Similar to the plane case, homogeneous coordinates can also be introduced in 3-dimensional projective space. There are then 4 homogeneous coordinates and the mapping matrices of the projectivities are 4 × 4 matrices. In computer graphics, not only transformations of space in homogeneous coordinates are represented by 4 × 4 matrices, but also projections of space onto a plane (see graphics pipeline ). Since the dimension is reduced in such projections (from 3 to 2), the associated matrices have the determinant 0. Here are two examples of projection matrices:

The first matrix describes the central projection from the eye point onto the xy plane. The second matrix effects an orthogonal projection onto the xy plane. ${\ displaystyle (0,0, d), d \ neq 0,}$

Central projection :	${\ displaystyle \ mathbf {P _ {\ mathrm {zp}}}}$	=	${\ displaystyle {\ begin {pmatrix} 1 & 0 & 0 & 0 \\ 0 & 1 & 0 & 0 \\ 0 & 0 & 0 & 0 \\ 0 & 0 & - {\ frac {1} {d}} & 1 \ end {pmatrix}} \,}$	${\ displaystyle \ mathbf {P _ {\ mathrm {zp}}} \; (x, y, z, 1) ^ {T} = (x, y, 0, {\ tfrac {dz} {d}}) ^ {T}}$
Orthogonal projection :	${\ displaystyle \ mathbf {P _ {\ mathrm {op}}}}$	=	${\ displaystyle {\ begin {pmatrix} 1 & 0 & 0 & 0 \\ 0 & 1 & 0 & 0 \\ 0 & 0 & 0 & 0 \\ 0 & 0 & 0 & 1 \ end {pmatrix}} \,}$	${\ displaystyle \ mathbf {P _ {\ mathrm {op}}} \; (x, y, z, 1) ^ {T} = (x, y, 0,1) ^ {T}}$

Applications

Rational Bézier curve in homogeneous coordinates (blue) and its projection into the plane (red)

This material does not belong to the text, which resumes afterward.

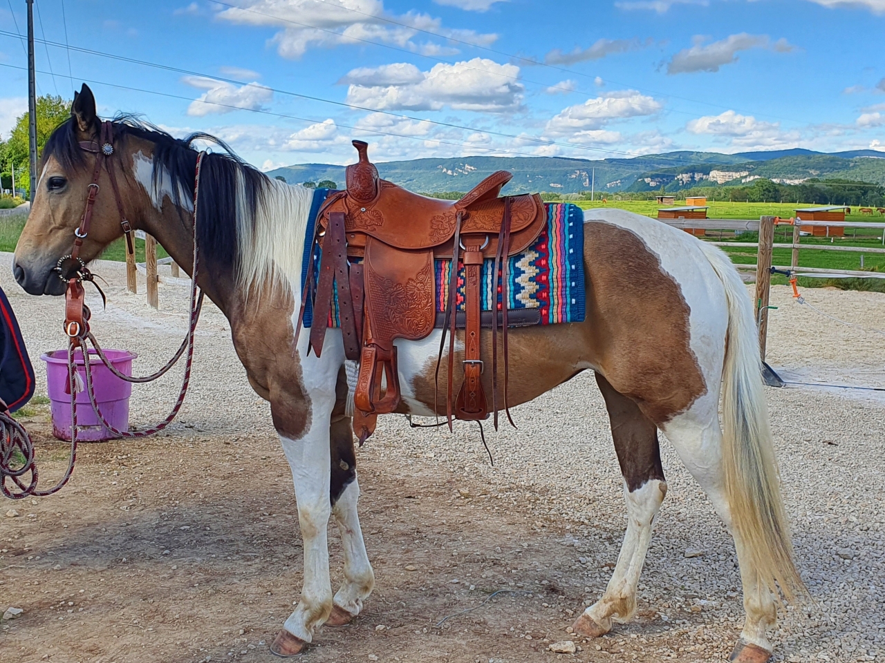 | Dire merci | Le temps file a toute vitesse! Mystic est toujours égale a elle même même si je vais la voir moins souvent que je ne le voudrais.... on balade a pieds et elle fait faire des baptèmes poney aux copines de ma fille... Elle vit toujours dans son petit troupeau de vieux, et je pense qu'elle s'y sent vraiment bien. Pour IP, nous sommes dans une pension de proprietaires a 25min de la maison, elle est en paddock/boxe avec sortie 7j/7 en paddock avec un 3 ans. Elle grandit (enfin façon de parler) et est toujours parée et motivée a decouvrir des choses! Elle a donc une dp depuis 1,5 mois, et tout se passe pour le mieux, elle m'a prouvé une fois de plus un mental hors pair, je suis vraiment époustouflée par cette jument qui se lance toujours dans les choses a fond! Parce que IP n'est plus qu'un petit cheval Western, non non non: IP de ranch: (vieille photo datant de 2021)IP le 05/06: ![]() Elle est polyvalente, et on peut tout faire avec elle de façon assez simple en plus! |
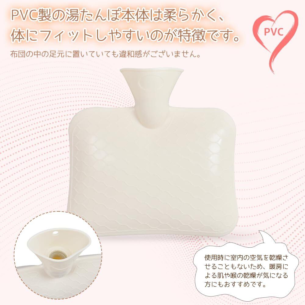 約1.2L容量:湯たんぽの容量は1.2L です。湯たんぽ本体のサイズ 31cm x 19cm; 耐熱温度120℃、耐冷温度-40℃。コンパクトで持ち運びも楽々!パッケージ内容:日本語説明書、湯たんぽ専用カバー、PVC湯たんぽ本体。

Homogeneous coordinates are used within geometry

Examine conic sections (see projective conic sections ),
To investigate collineations of projective lines, planes and spaces ( projective linear group ).

In computer graphics , homogeneous coordinates are used to

Perform transformations of objects,
introduce and investigate rational Bezier and B-spline curves and surfaces.

In robotics , consecutive axes can be described by linking their associated homogeneous matrices. The Denavit-Hartenberg transformation is used as the standard procedure for this .

literature

Albrecht Beutelspacher , Ute Rosenbaum: Projective geometry. 2nd Edition. Vieweg, Wiesbaden 2004, ISBN 3-528-17241-X , p. 63.
G. Farin: Curves and Surfaces for CAGD , Academic Press, 1990, ISBN 0-12-249051-7 , p. 217
CE Springer: Geometry and Analysis of Projective Spaces . San Francisco and London, 1964.
Frank Klawonn: Basic course computer graphics with Java. Understand the basics and easily implement them with Java 3D. 3. Edition. Vieweg + Teubner, Wiesbaden 2010, ISBN 978-3-8348-1223-0 .

Web links

W. Globke: Coordinates, Transformations and Robots , University of Karlsruhe, p. 20.
S. Krömker: Computergraphik I , University of Heidelberg, p. 29.
M. Pester: Mathematical Foundations of Computer Geometry, Chemnitz University, p. 7.

Individual evidence

↑ Ina Kersten: Analytical Geometry and Linear Algebra . tape 2 . Universitätsverlag Göttingen, 2006, ISBN 978-3-938616-44-4 , p. 85 .
↑ Hoschek, Lasser: Fundamentals of geometrical data processing , Teubner 1989, ISBN 3-519-02962-6 , p. 143.
^ G. Farin: Curves and Surfaces for CAGD , Academic Press, 1990, ISBN 0-12-249051-7 , p. 231.

[1] Ina Kersten: Analytical Geometry and Linear Algebra . tape 2 . Universitätsverlag Göttingen, 2006, ISBN 978-3-938616-44-4 , p. 85 .

[2] Hoschek, Lasser: Fundamentals of geometrical data processing , Teubner 1989, ISBN 3-519-02962-6 , p. 143.

[3] G. Farin: Curves and Surfaces for CAGD , Academic Press, 1990, ISBN 0-12-249051-7 , p. 231.